**Task description**
Write out exactly, excluding pictures, the lines from the one containing "imageNYK1 Nailac Professional" through the end of the data, both included.

**Data shown**
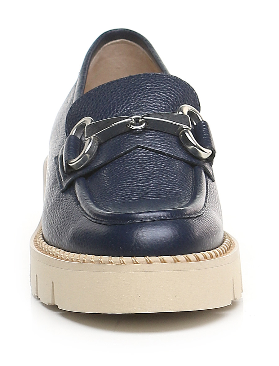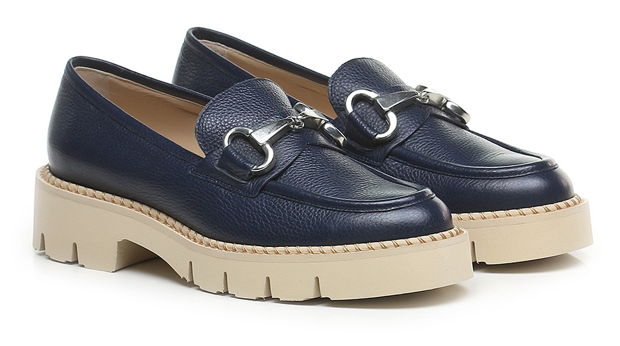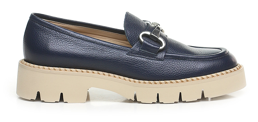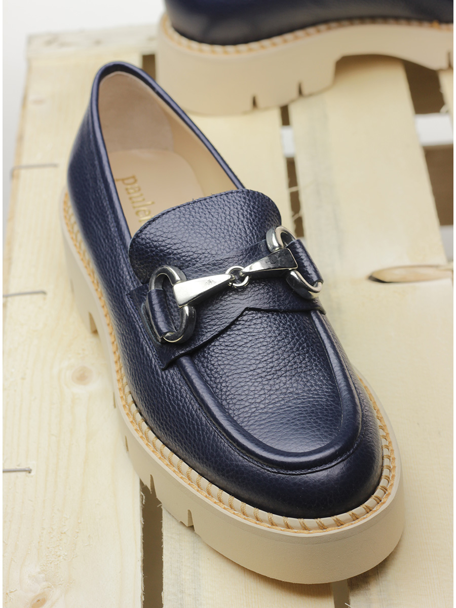 Scarpa in pelle con morsetto frontale e suola in gomma. Altezza tacco 40mm, platform 25mm con battuta 15mm.
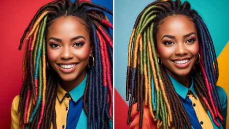 portrait of beautiful fashionable African American girl with dreadlocks trend
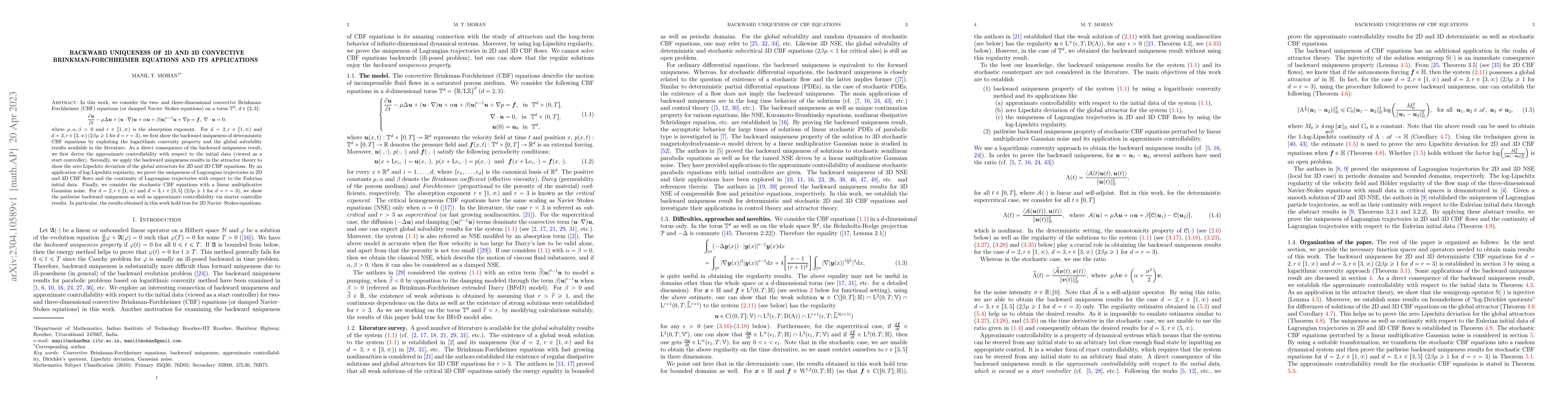 In this work, we consider the two- and three-dimensional convective Brinkman-Forchheimer (CBF) equations (or damped Navier--Stokes equations) on a torus $\mathbb{T}^d,$ $d\in\{2,3\}$: $$ \frac{\partial \boldsymbol{u}}{\partial t}-\mu \Delta\boldsymbol{u}+(\boldsymbol{u}\cdot\nabla)\boldsymbol{u}+\alpha\boldsymbol{u}+\beta|\boldsymbol{u}|^{r-1}\boldsymbol{u}+\nabla p=\boldsymbol{f}, \ \nabla\cdot\boldsymbol{u}=0,$$ where $\mu,\alpha,\beta>0$ and $r\in[1,\infty)$ is the absorption exponent. For $d=2,r\in[1,\infty)$ and $d=3,r\in[3,\infty)$ ($2\beta\mu\geq 1$ for $d=r=3$), we first show the backward uniqueness of deterministic CBF equations by exploiting the logarithmic convexity property and the global solvability results available in the literature. As a direct consequence of the backward uniqueness result, we first derive the approximate controllability with respect to the initial data (viewed as a start controller). Secondly, we apply the backward uniqueness results in the attractor theory to show the zero Lipschitz deviation of the global attractors for 2D and 3D CBF equations. By an application of log-Lipschitz regularity, we prove the uniqueness of Lagrangian trajectories in 2D and 3D CBF flows and the continuity of Lagrangian trajectories with respect to the Eulerian initial data. Finally, we consider the stochastic CBF equations with a linear multiplicative Gaussian noise. For $d=2,r\in[1,\infty)$ and $d=3,r\in[3,5]$ ($2\beta\mu\geq 1$ for $d=r=3$), we show the pathwise backward uniqueness as well as approximate controllability via starter controller results. In particular, the results obtained in this work hold true for 2D Navier--Stokes equations.
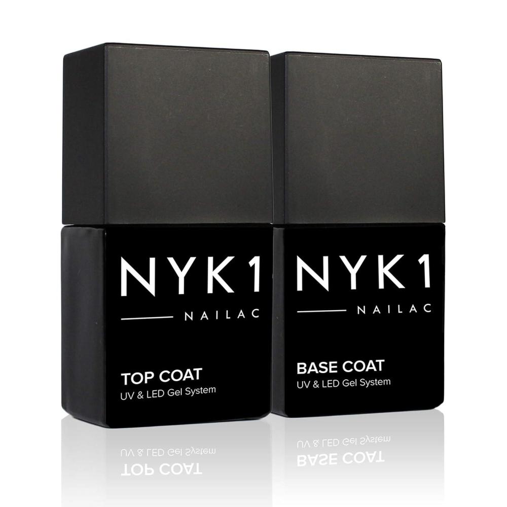 imageNYK1 Nailac Professional Base Coat and Top Coat Clear Gel Nail Polish  Salon Quality Soak Off LED and UV Nail Gel  Shellac Compatible Pack of 2 10ml
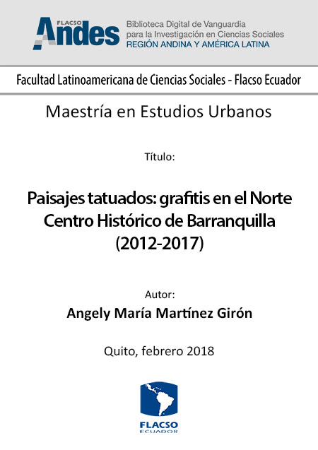 Martínez Girón, Angely María. 2018. Paisajes tatuados: grafitis en el Norte Centro Histórico de Barranquilla (2012-2017). Tesis de maestría, Flacso Ecuador.
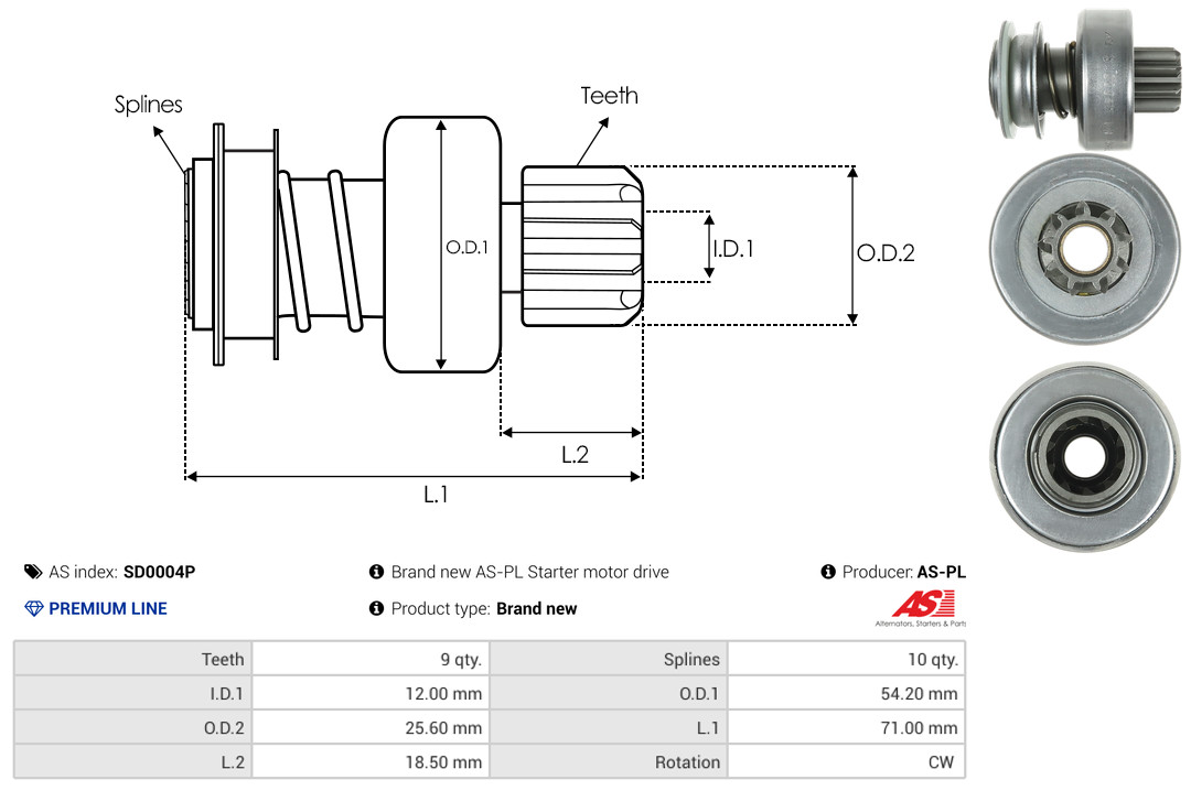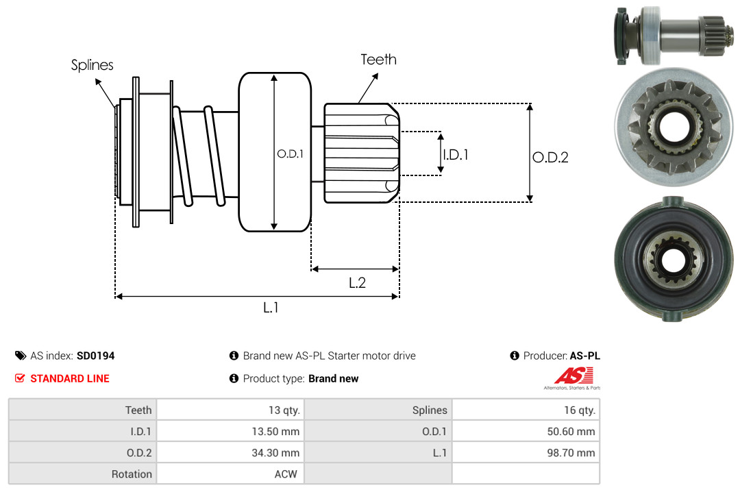AS-PL Freilaufgetriebe, Starter SD0194 Universal für VW 03G911335E 035911335E

**Result of this exercise**
 imageNYK1 Nailac Professional Base Coat and Top Coat Clear Gel Nail Polish  Salon Quality Soak Off LED and UV Nail Gel  Shellac Compatible Pack of 2 10ml
 Martínez Girón, Angely María. 2018. Paisajes tatuados: grafitis en el Norte Centro Histórico de Barranquilla (2012-2017). Tesis de maestría, Flacso Ecuador.
AS-PL Freilaufgetriebe, Starter SD0194 Universal für VW 03G911335E 035911335E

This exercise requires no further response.